■ **DATA SEGMENT**
>>>>>
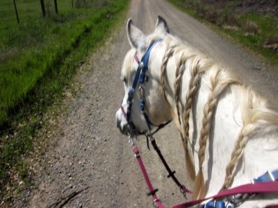 We had an exciting moment on the way back. We were trotting up a pretty steep short hill on the dirt road but were well over on the grassy shoulder, out of the road, and a car came around a blind turn. They were going slow and were well on their own side but Desire decided to slam on the brakes and start to surge right away from the car. My automatic bad-horse noise flew from my lips, a loud harsh “EH EH,” and it was enough to stop her surge so I could right myself and not hit the dirt. I was well over her left shoulder and clinging on her neck with my right arm and back with my right leg, so that instant she stopped at my correction was just enough for me to pull back into my seat and continue riding like nothing happened while the girls driving by gaped out the window at the almost-tumble. The balk was pretty unnecessary but she did listen and snap out of it and I didn’t come off, so I’ll call it a win-win. She was really good about listening to the EH EH today, whenever she started to get crazy eyes at a rock or stump I would voice it and she would straighten out and continue forward. Ooo so responsive, me so likey!
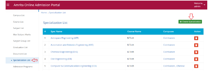 Go to Specialization under Admin in left menu.
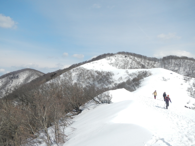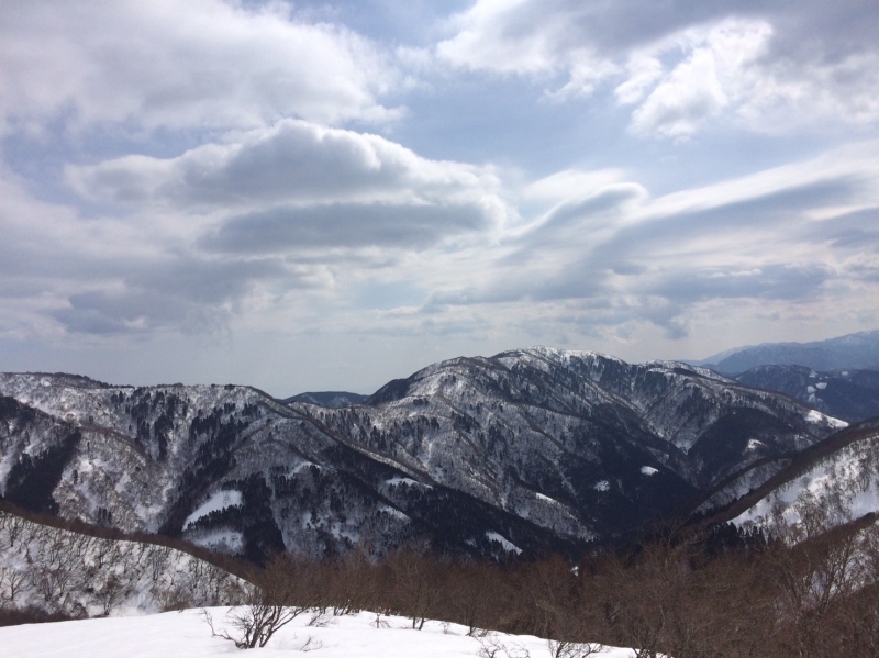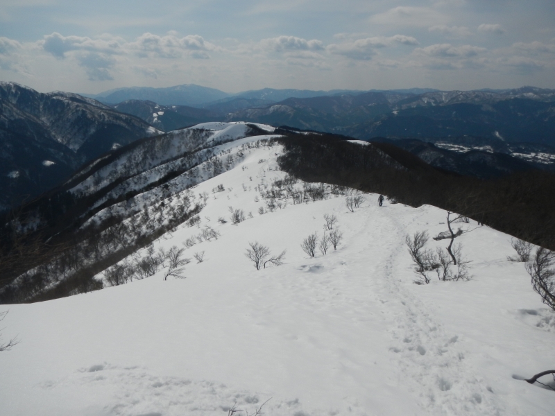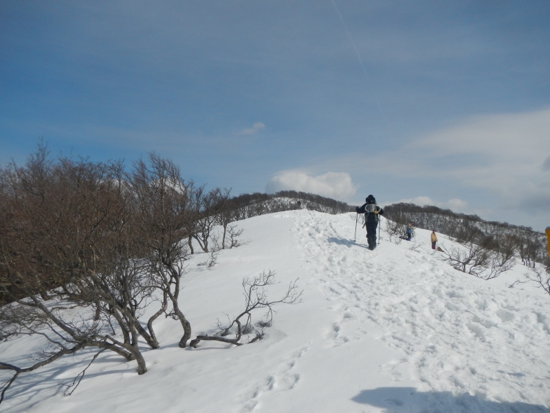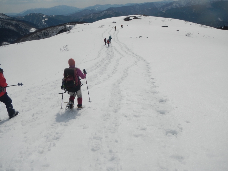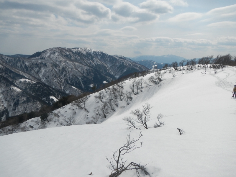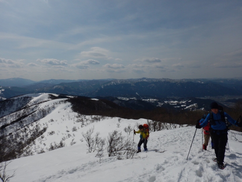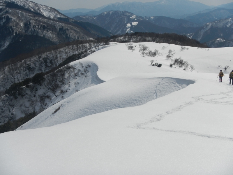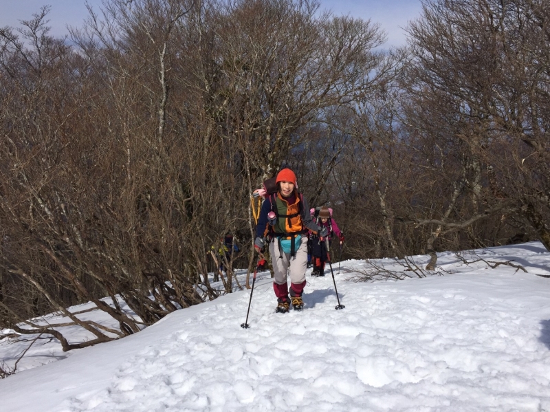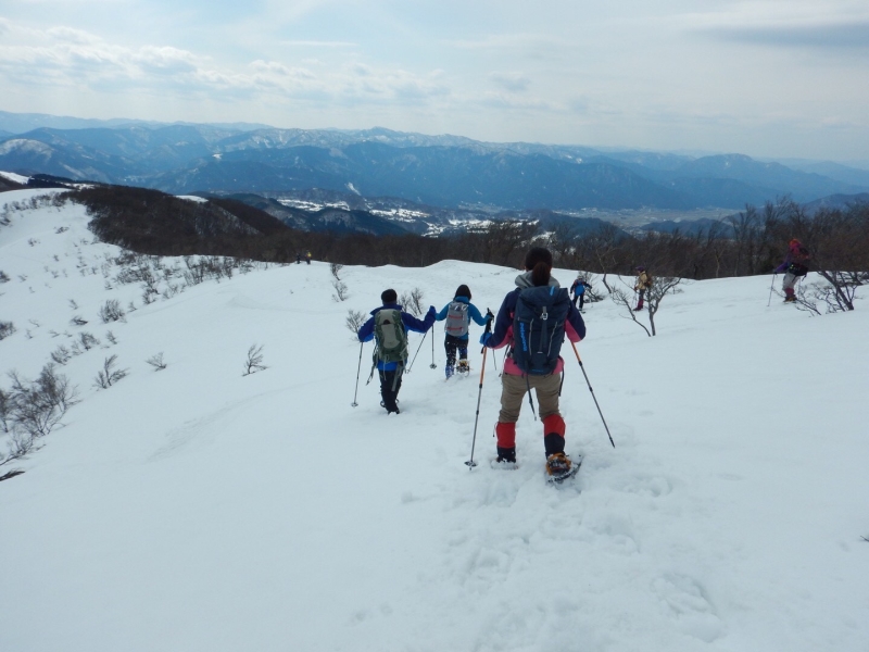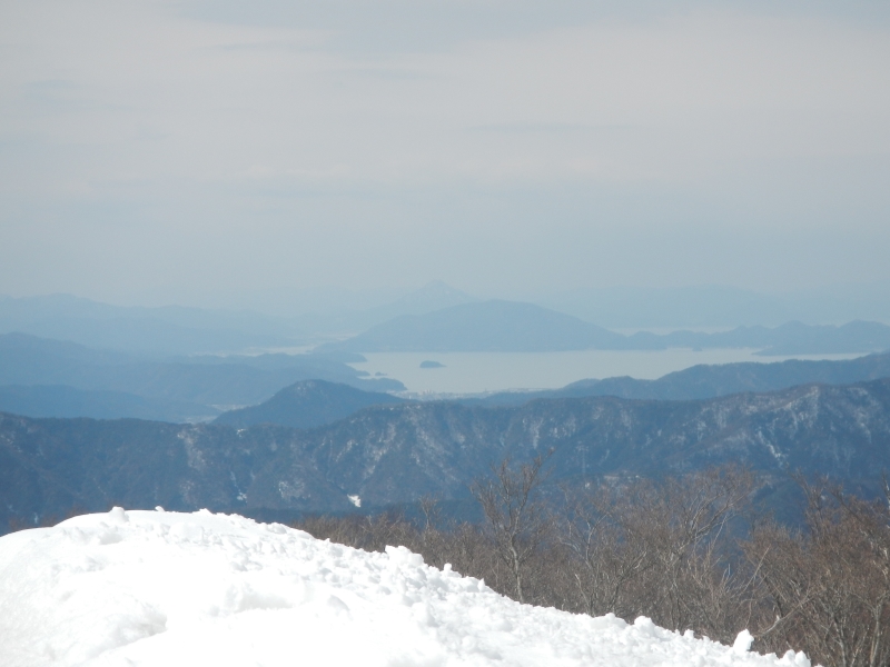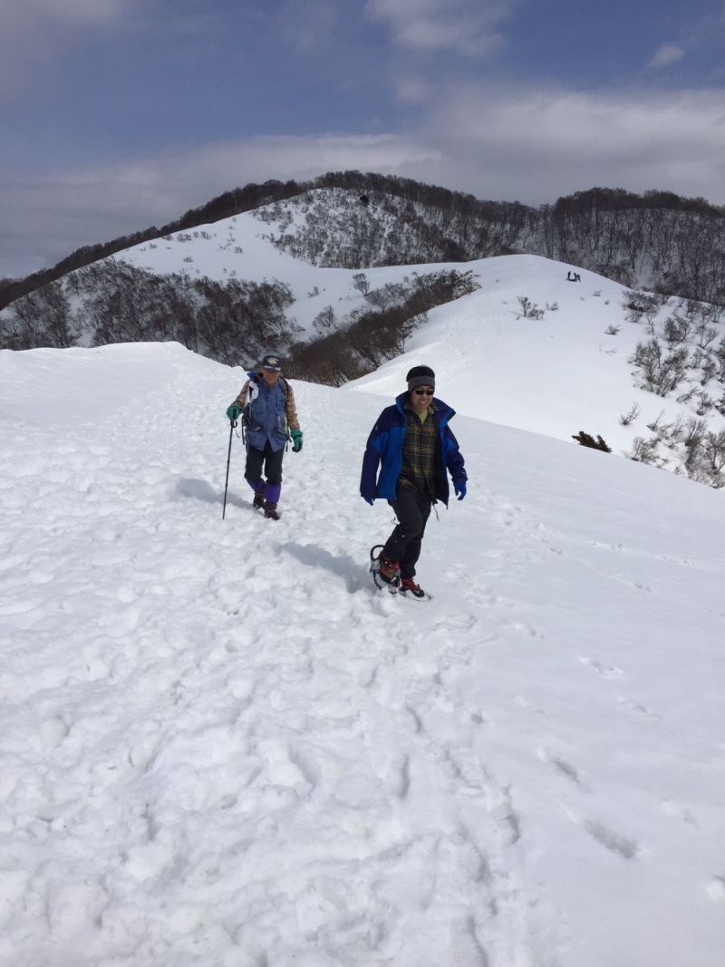 9:00ごろ倉見駐車場に到着です。すごい天気良く、みんなの期待が高まります。頂上付近、この時期はたっぷり雪があって、雪庇が張り出してるとのこと。スタート直後は暖かすぎて、稜線は雪が少なめでした。頂上もダメかと思いきや、頂上付近の稜線にはたっぷり雪があり、雪庇も小さめですが、ちゃんとありました。風もなく、ポカポカ陽気の中、ランチタイムです。若狭湾の海と連なる雪山の景色をゆっくり堪能しました。(時間の関係で、三十三間山のピークは割愛)
<<<<<
Repeat word for word the lines from the one holding "Go to Specialization" through the last line of the listing above, including both ends. Drop the pictures.

■ **ANSWER TO THIS EXERCISE**
 Go to Specialization under Admin in left menu.
 9:00ごろ倉見駐車場に到着です。すごい天気良く、みんなの期待が高まります。頂上付近、この時期はたっぷり雪があって、雪庇が張り出してるとのこと。スタート直後は暖かすぎて、稜線は雪が少なめでした。頂上もダメかと思いきや、頂上付近の稜線にはたっぷり雪があり、雪庇も小さめですが、ちゃんとありました。風もなく、ポカポカ陽気の中、ランチタイムです。若狭湾の海と連なる雪山の景色をゆっくり堪能しました。(時間の関係で、三十三間山のピークは割愛)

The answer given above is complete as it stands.